The particle tracking dynamic system can realize the movement tracking of complex and large numbers of particles. This technology is mainly used in high-speed impact tests [
18]. The laboratory conducts dynamic fracture experiments of brittle materials to study phenomena such as rock bursts, volcanic eruptions, earthquakes, and planetary collisions. Commonly used experimental materials are basalt [
19], quartz [
20,
21], sandstone, etc. [
18]. The research focuses on the particle velocity distribution after dynamic fracture [
15], fragment size [
10], rebound angle [
14], etc.
Energy evolution is a common method for studying dynamic fracture. The quasi-static loading method calculates the input energy through the load-displacement curve [
22], and the SHPB loading calculates the absorbed energy of the specimen through the incident and transmitted waves [
23]. The high-speed dynamic experiment considers that the kinetic energy of the bullet is input energy [
14].
The speed of broken particles can be measured by image tracking technology, and the kinetic energy can be calculated by weighing the particles. Based on the law of conservation of energy, the dissipative heat energy generated by the force-heat coupling process can be studied [
24]. Xie [
22,
25,
26] found that studying the energy dissipation and energy release of rock mass structures from the perspective of macroscopic energy conservation can be used to estimate the splash velocity of fragmented rock blocks. Li et al. [
10] used SHPB to study the dynamic crushing particle size characteristics, fragment distribution and crushing laws of rock materials. Rait et al. [
27] used the discrete element method to study the effect of the loading rate on static fracture and dynamic fracture and analyzed the relationship between the kinetic energy and frictional energy dissipation during the comminution process. Wang et al. [
28] studied the energy distribution during the quasi-static confined comminution of granular materials. Xiao et al. [
29] analyzed and compared the energy dissipation law of carbonate sand quasi-static and dynamic compression. Zhang [
30] studied the average fragmentation and velocity of the debris under a quasi-static load of brittle materials, which agree with the theoretical calculations. The above research mainly focused on the average particle size and velocity and did not involve the velocity and kinetic energy distribution of the characteristic particle size. Exploring the dynamic fracture mechanism of brittle materials requires in-depth research on the speed, kinetic energy, and temporal and spatial distribution characteristics of particles of different sizes produced by crushing.

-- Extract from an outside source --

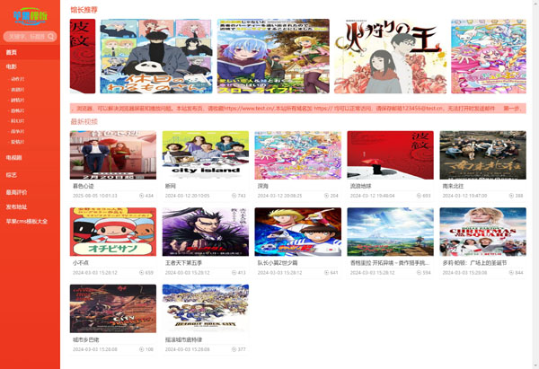 非传统竖版设计,而是与红粉电影站/x站自适应模板一样,大胆采用了左侧导航栏,区别在于之前粉色,而这套模板是其基础上的红色设计,当然在一些细节上也有些许差异,清理了原模板首页版权风险提示,以及播放页无法显示播放器BUG,均已经修复!下载后可以直接使用。

In response to the above problems, this paper uses high-speed camera technology and digital image motion analysis software to study the velocity–size relationship of particles produced by uniaxial compression crushing of granite and the contribution of products of different sizes to kinetic energy. The coordinate method is used to study the spatial characteristics of fragment distribution at different scales. The color tracking method is used to study the relationship between the spatial characteristics of the fragment distribution and the generation location. The research methods and results have positive significance for describing the splash particles’ temporal and spatial characteristics and revealing the kinetic energy release law of the dynamic fracture of brittle materials. At the same time, it is of positive significance for the quantitative calculation of dissipative heat energy and the study of energy evolution in the comminution process.
4. Conclusions
The fragments are divided into four types of particles according to the particle size.
The average horizontal velocities of the four size particles α, β, γ, and δ are statistically calculated. The descending order of the particles’ average velocity is γ, β, α, and δ. Since the mass difference of different types of particles is greater than the influence of the velocity difference on kinetic energy, the descending order of the particles’ kinetic energy is α, β, γ, and δ. Among them, the contribution of alpha particles to the total kinetic energy exceeds 70%. The loading rate has little effect on the particle velocity. When the loading rate is higher, more alpha particles leave the central area, resulting in more input energy being converted into kinetic energy. The percentage of input energy converted into kinetic energy of specimen 11 is 5.9% during the crushing process.
The spatial distribution characteristics of large particles and fine particles were analyzed by the coordinate method. As a result, it was found that there was a greater probability of fine particles appearing in the range closer to the central area; this reflects that most of the fine particles have a lower velocity. The maximum value of the fine particles’ mass appears in the middle circle, which indicates that there are also particles with higher speed in the fine particles, namely γ particles. These kinds of particles overlap with the slower particles, causing the phenomenon of mass maximum. The locations of large particles are random, but they are more likely to appear within the middle circle. A larger loading rate can produce more large splashing particles, which is consistent with the kinetic energy characteristics of the loading rate.
The color tracking method was used to study the location of particles larger than 6 mm in the specimen. It was found that at least one surface of the super large particles produced by crushing was the surface of the test specimen. Those particles produced entirely from the inside of the specimen are relatively small and have similar spatial distribution characteristics to fine particles. Therefore, it can be judged that fine particles and particles of smaller size are generally generated by friction between the cross-sections of the specimen when the specimen is broken. The speed of such particles is generally low. Most of the large particles and a few small particles are directly peeled off the surface of the broken specimen and have a higher splash speed.